To Navajo people, the San Juan River is sacred.
For trust in the river to be restored, the people need to hear a confident message from their leaders that the water is safe, said Venaya Yazzie, a Navajo artist who organized shows around the Gold King Mine spill.
Karletta Chief, a Navajo assistant professor at the University of Arizona, has helped fill that role, Yazzie said.
“For me, she is the leader of our nation, as far as the spill goes ... I feel they have confidence in her, more than their own government,” Yazzie said.
Chief was visiting the Navajo Nation to give a talk about mining and climate change when the tribe found out about the Gold King Mine spill.
In the year since, Chief and her team have worked with Navajo communities, with a particular focus on the Shiprock, Upper Fruitland and Aneth chapters, to understand how the metals in the river may affect their health and how it damaged their perceptions of the river.
“We focused in on the short-term exposure because that was a question the people were really concerned about: ‘What is the risk of using the river?’” Chief said.
After numerous meetings with people, held in Navajo and English, the researchers found people could be exposed to heavy metal contaminates in 40 ways. Some exposure paths were specific to their lifestyle, such as using plants near the river for medicinal purposes. The potential exposure extends beyond the recreational exposure the Environmental Protection Agency had considered, Chief said.
To assess risk, the EPA assumed an adult or child was exposed to river sediment and drinking river water and sediment over 64 days per year over many years – 10 years for a child and 20 years for an adult.
“If the dose is not exceeded, we would not expect any harmful effects,” said Dan Wall of the EPA.
The University of Arizona researchers say not enough information has been gathered to say what the health impacts will be, and they don’t expect to deliver those result for nine months to a year.
They started collecting soil and river samples in November with the help of volunteers before receiving a National Institute of Environmental Health Sciences grant in March. They still need to collect urine and blood samples to see if people have a harmful level of lead or arsenic in their bodies.
“That will give us an idea if it makes sense to monitor long term,” said Paloma Beamer, an associate professor at the University of Arizona who is working on the study.
The data will allow researchers to answer the communities’ questions directly.
These are elements that have been extensively studied and so there is baseline data they can use for comparison, she said.
The researchers will take swabs from inside homes and gather information about residents’ diet to see if the lead and arsenic may come from other sources.

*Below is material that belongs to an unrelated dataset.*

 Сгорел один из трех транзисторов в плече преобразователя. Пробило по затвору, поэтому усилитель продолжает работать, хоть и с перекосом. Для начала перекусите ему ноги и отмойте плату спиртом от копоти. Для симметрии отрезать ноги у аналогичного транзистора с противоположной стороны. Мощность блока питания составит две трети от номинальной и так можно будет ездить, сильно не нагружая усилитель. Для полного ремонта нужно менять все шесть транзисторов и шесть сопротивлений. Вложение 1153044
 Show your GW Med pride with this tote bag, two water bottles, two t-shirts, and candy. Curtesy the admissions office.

For example, the coal some residents’ burn for heat can give off arsenic.
They also expect to take samples from sheep, corn, soil and river and tap water to assess the risk.
“We’re looking for lead and arsenic in everything, to trace the different ways it’s moving through the environment,” Beamer said.

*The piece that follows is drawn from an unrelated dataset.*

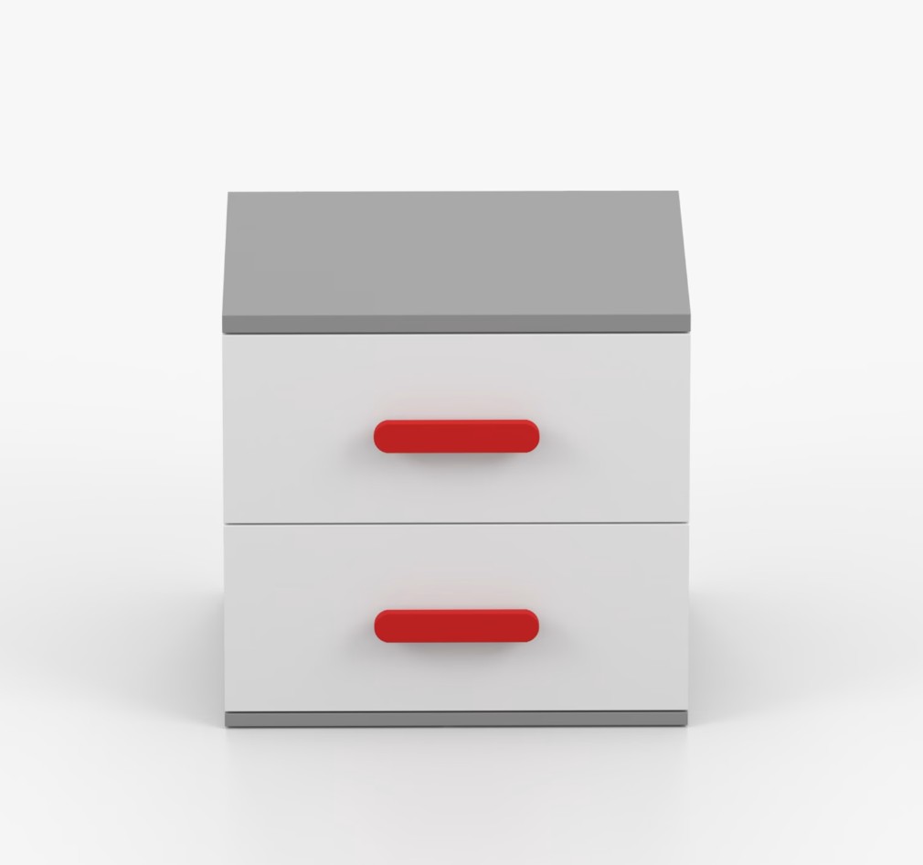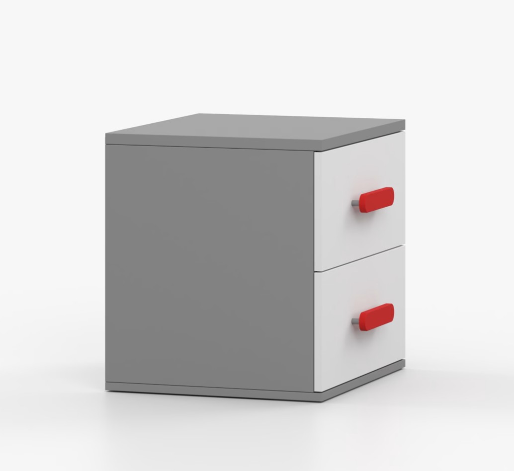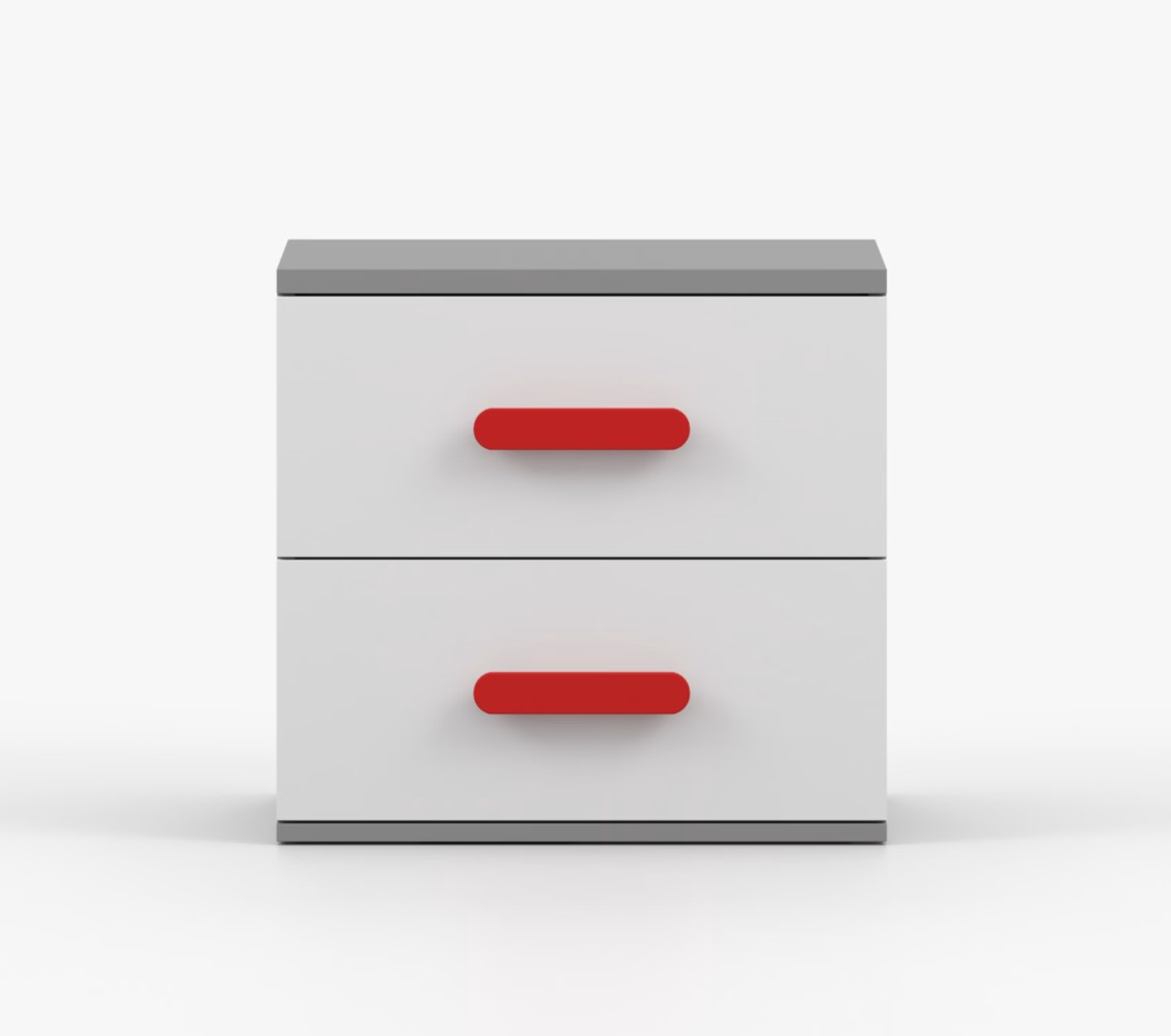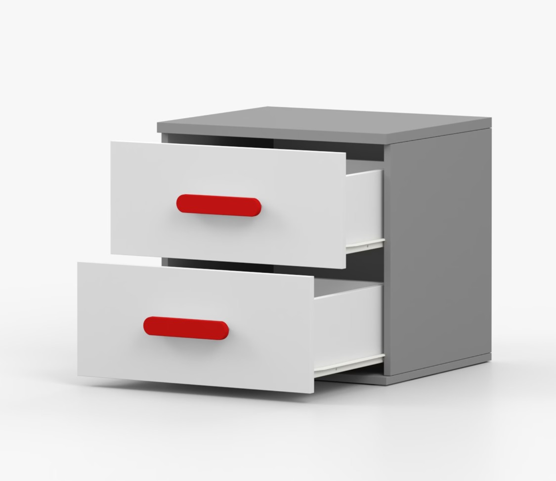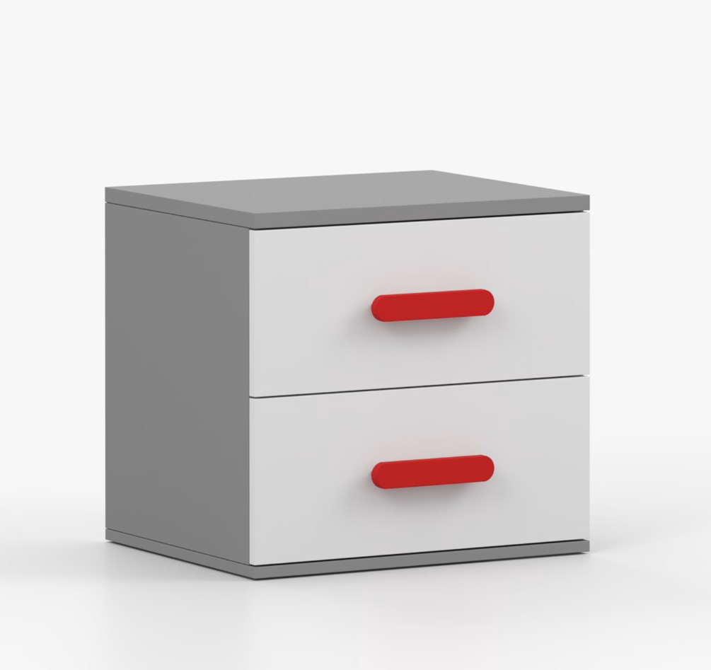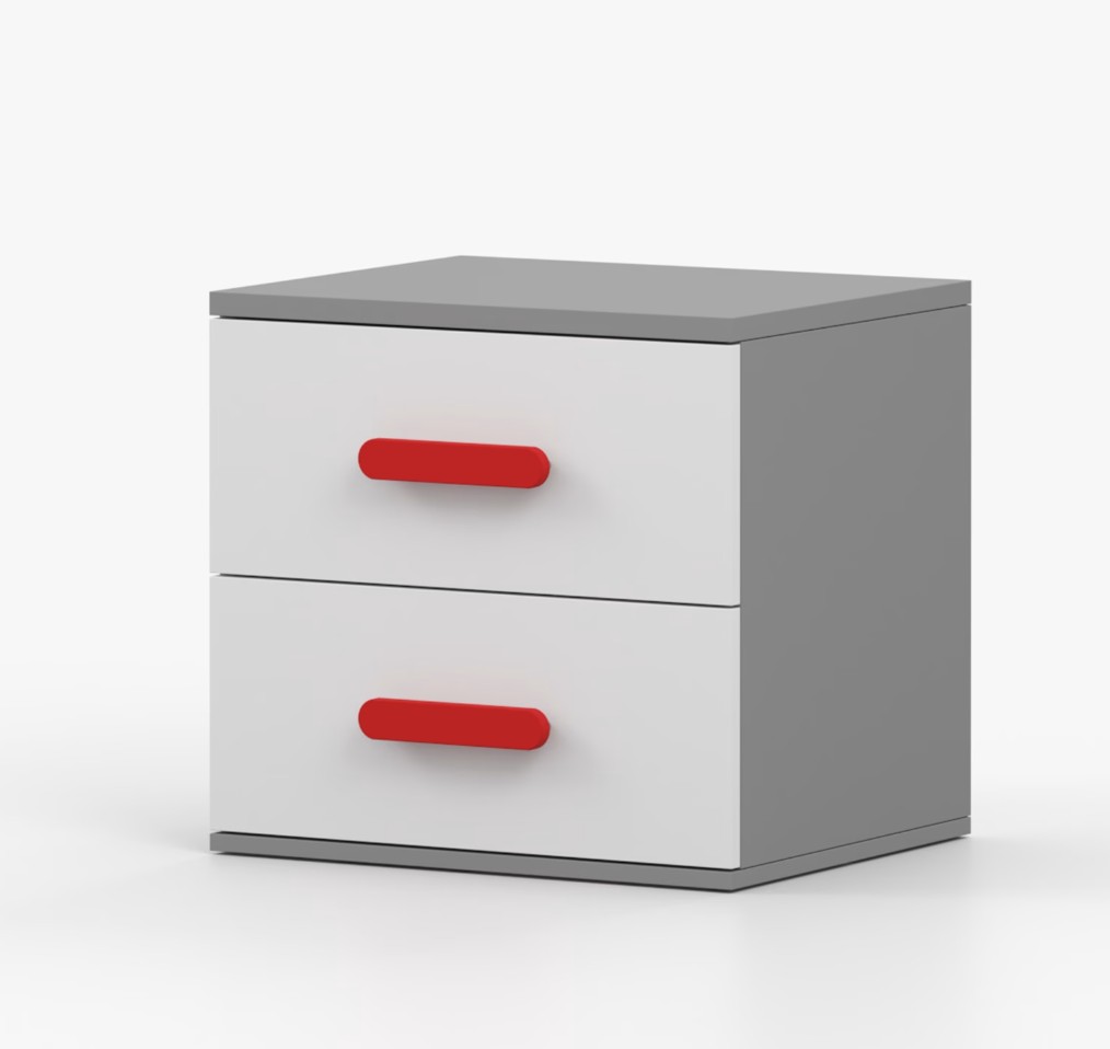 Nočný stolík SCOUT je moderný a praktický kus nábytku, vyrobený z kvalitnej 16mm laminovanej dosky v šedom odtieni. Hrany sú ohranené odolnou ABS lištou, ktorá ich chráni pred mechanickým poškodením. Stolík má dve priestranné zásuvky s drevenými farebnými úchytkami. Jeho nadčasový dizajn sa hodí do rôznych typov interiérov, napríklad do detskej izby alebo izby pre študenta.

They will use the data and information collected from the people to model what the exposure could be, so they can factor in activities that people are not doing anymore because they changed their habits, Paloma said.
The researchers received permission from the Navajo Nation government to do the study, but it was community members that got it rolling.
At focus groups at the chapter houses in Upper Fruitland, Shiprock, New Mexico, and Aneth, Utah, the researchers found that Navajo people distrust outside researchers.
“The history of environmental abuse has caused this distrust of other people’s information,” said Rebecca Clausen, an environmental sociologist at Fort Lewis College, who helped with the focus groups.
In the 1920s and ’30s, the federal government drastically reduced the animal herds of the reservation. From the 1940s through the 1980s, the federal government mined millions of tons of uranium, leaving behind radiation in homes and drinking sources.
So the Gold King Mine spill is just one piece of widespread environmental degradation, she said.
In the focus groups, people were angry, sad and disappointed.
“It went beyond the water being contaminated, it went to how they view that river in terms of their beliefs and that was disrupted,” Chief said.
When this portion of the study is finished, Chief plans a three-year study, which is funded by a $600,000 grant.
“It will be really a discussion with the community where they want to go next.” Chief said.